Data excerpts:
^^^^^^^^
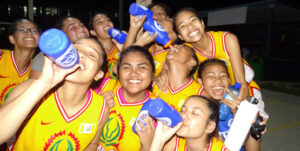 The Namdik basketball ladies show they are not only ‘mokade’ players, but they are environmentally friendly using multiple-use water bottles. This is an initiative by the Marshall Islands Basketball Federation to reduce plastic use. Team Namdik is competing in the 19th Ralik Ratak Shootout national basketball championships that are ongoing in Majuro now.
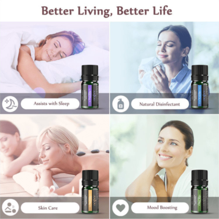 – Vsebuje naslednja terapevtska eterična olja: Sivka, Sladka Pomaranča, Čajno Drevo, Evkaliptus, Limona, Poprova Meta, Peppermint, Borgamot, Frankincense, Rožmarin, Cimet in Ylang-Ylang
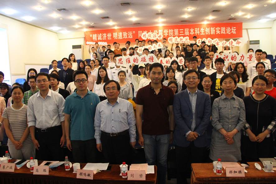 5月25日,同济大学304am永利集团官网第三届本科生创新实践论坛于同济大学逸夫楼演讲厅举行。由基础医学实验教学中心常务副主任顾鸣敏教授、辅导员原媛老师带队,我院陈晨、何欣恒等14名304am永利集团官网各专业本科生参加了论坛,并获得“最佳汇报奖”“优秀项目奖”各1项,“优秀壁报奖”2项(后附获奖名单)。顾鸣敏教授应邀担任论坛评委。
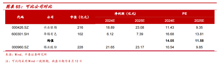华锡有色主营业务以锡锌锑为主,兴业银锡主营业务以锡锌银为主,与锡业股份主营产品具有较大的一致性,因此选择这两个标的作为可比公司,公司估值低于可比公司,业绩有望充分受益于锡价中枢上行,维持公司“买入”评级。
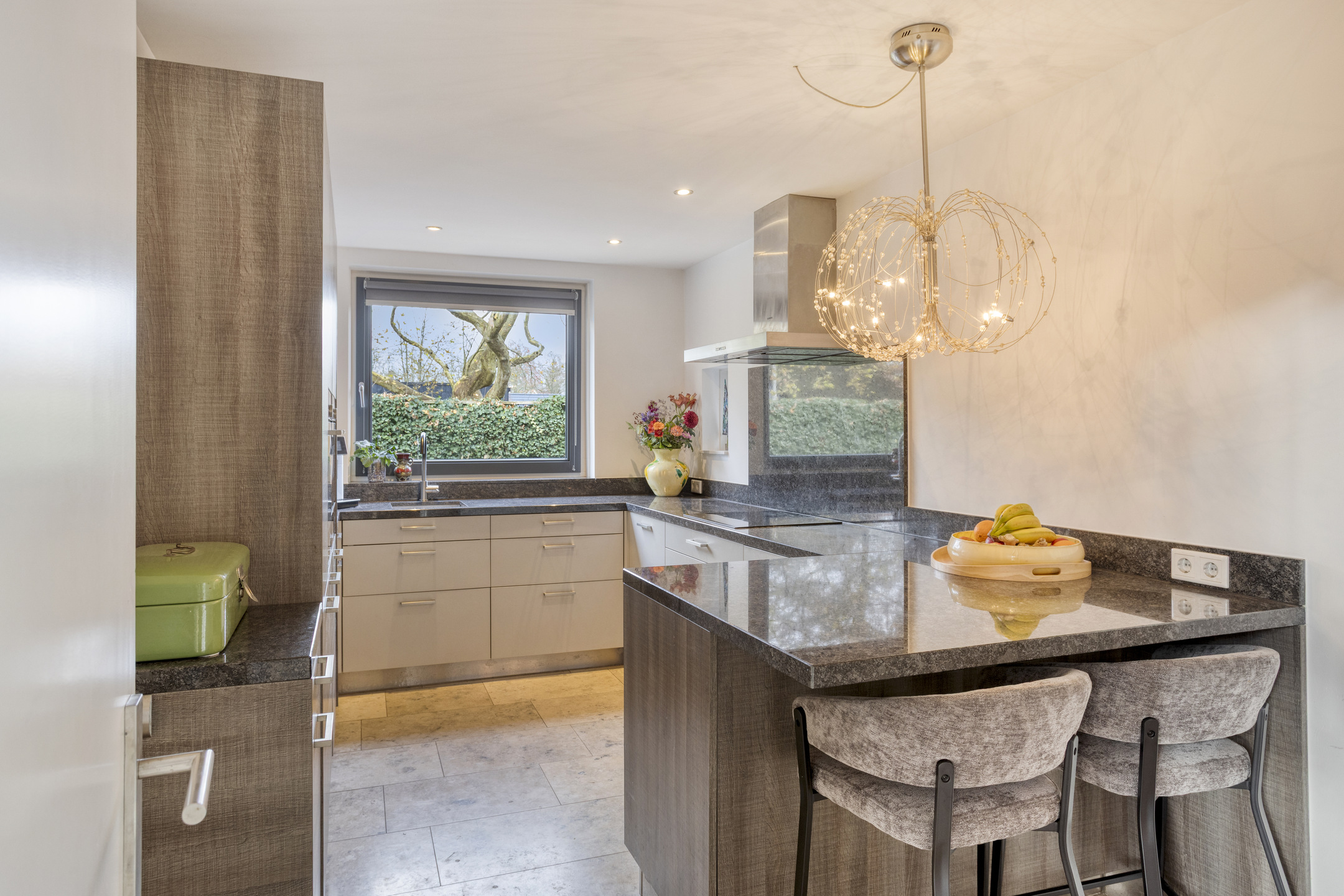 Via de hal kom je in de eetkamer, een lichte en uitnodigende ruimte dankzij de grote schuifpui. De eetkamer is voorzien van een houtkachel. Hier bevindt zich ook de trapopgang naar de eerste verdieping. Vanuit de eetkamer loop je door naar de woonkamer en de keuken. De woonkamer is ook voorzien van een sfeervolle houtkachel. De dichte keuken heeft een speels effect dank zij de bar aan het keukenblad. De keuken is uitgerust met diverse inbouwapparatuur, waaronder een 4-pits inductiekookplaat met afzuigkap, oven, koelkast, vaatwasser, stoomoven, warmhoudlade en een keukenboiler.
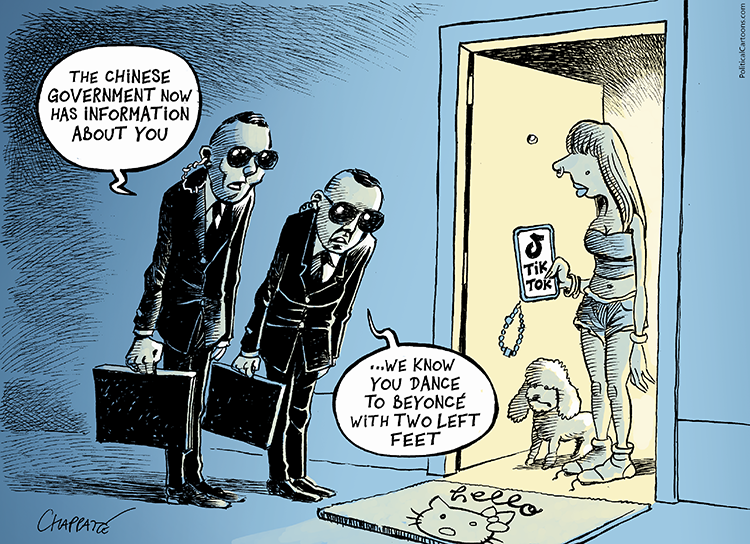 So Patrick's cartoon shows two Chinese government people at the door of a typical American TikTok user, and one says, "The Chinese government now has information about you." And the other one says, "We know you dance to Beyonce with two left feet."
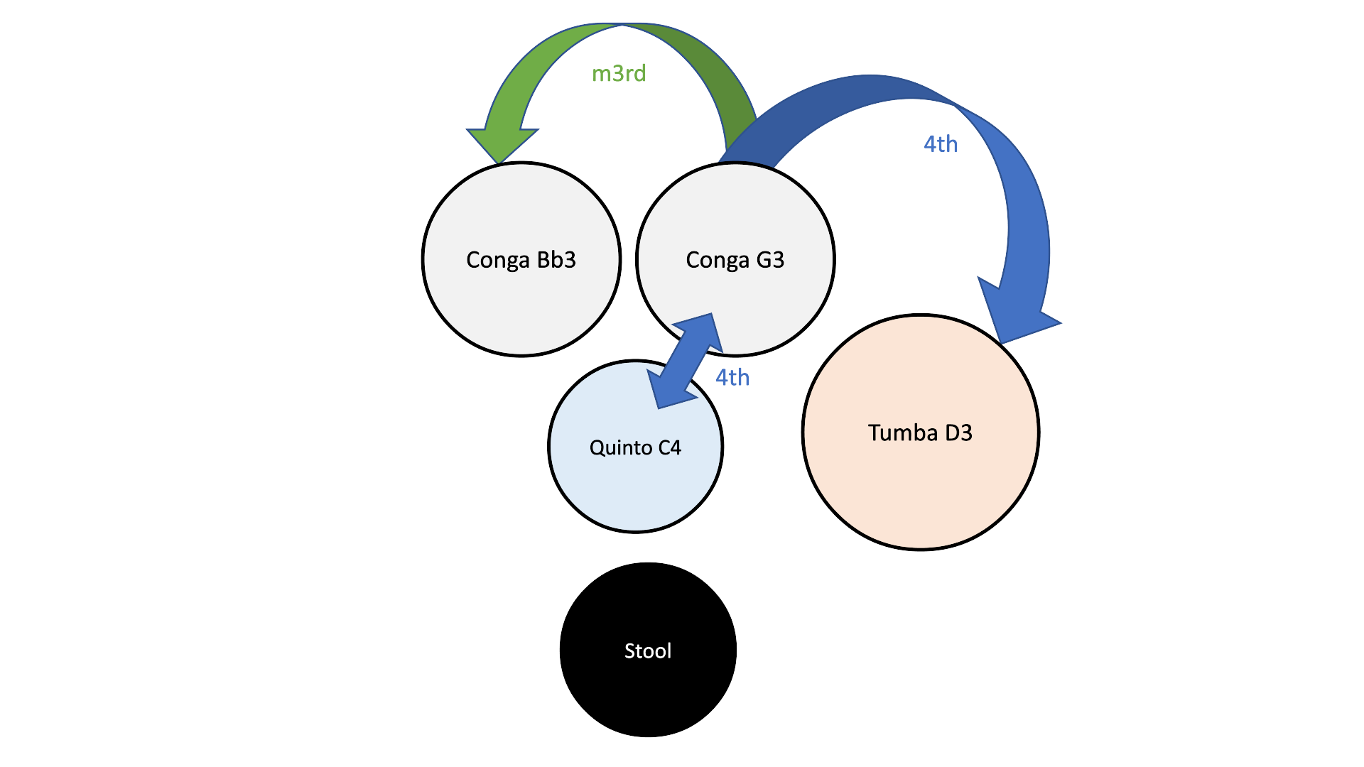 These are the tunings of my 6 drum & bongos setup. These pitches work well for the individual drums in terms of pitch and resonance, and they provide a variety of useful intervals which are vital for reproducing common rhythms and voicings. This setup provides three perfect 4th intervals between different pairs of congas as well as on the bongos. There are also two 5th intervals and two minor 3rds. This allows me to play traditional latin rhythms as well a jazz/fusion and pop/rock music using different combinations of drums. It is important to point out that I would rarely use more than three drums whilst playing an individual tune, but this setup allows me to switch to a different set of three for each tune depending which pitches/notes work best. In reality it isn’t practical to take this many drums to a gig or recording session in terms of transport and/or room on the stage/recording studio unless you are a top line professional with the relevant transport/support. I have found that for smaller gigs and/or jam sessions just taking the Roland HPD20 and plugging it into the PA system gives me access to six drums & bongos, without the mic’ing/feedback issues and the added advantage of being small, portable and giving me the ability to shift the pitch of all of the drums up or down a semi-tone or two between songs. But it isn’t as much fun to play. So here are some smaller combinations to try...
^^^^^^^^
Extract the part of the records that opens with the line containing "Cimet in Ylang-Ylang" and closes with the line containing "华锡有色主营业务以锡锌锑为主". Take only those lines, exactly, and no pictures.

Finished task:
 – Vsebuje naslednja terapevtska eterična olja: Sivka, Sladka Pomaranča, Čajno Drevo, Evkaliptus, Limona, Poprova Meta, Peppermint, Borgamot, Frankincense, Rožmarin, Cimet in Ylang-Ylang
 5月25日,同济大学304am永利集团官网第三届本科生创新实践论坛于同济大学逸夫楼演讲厅举行。由基础医学实验教学中心常务副主任顾鸣敏教授、辅导员原媛老师带队,我院陈晨、何欣恒等14名304am永利集团官网各专业本科生参加了论坛,并获得“最佳汇报奖”“优秀项目奖”各1项,“优秀壁报奖”2项(后附获奖名单)。顾鸣敏教授应邀担任论坛评委。
华锡有色主营业务以锡锌锑为主,兴业银锡主营业务以锡锌银为主,与锡业股份主营产品具有较大的一致性,因此选择这两个标的作为可比公司,公司估值低于可比公司,业绩有望充分受益于锡价中枢上行,维持公司“买入”评级。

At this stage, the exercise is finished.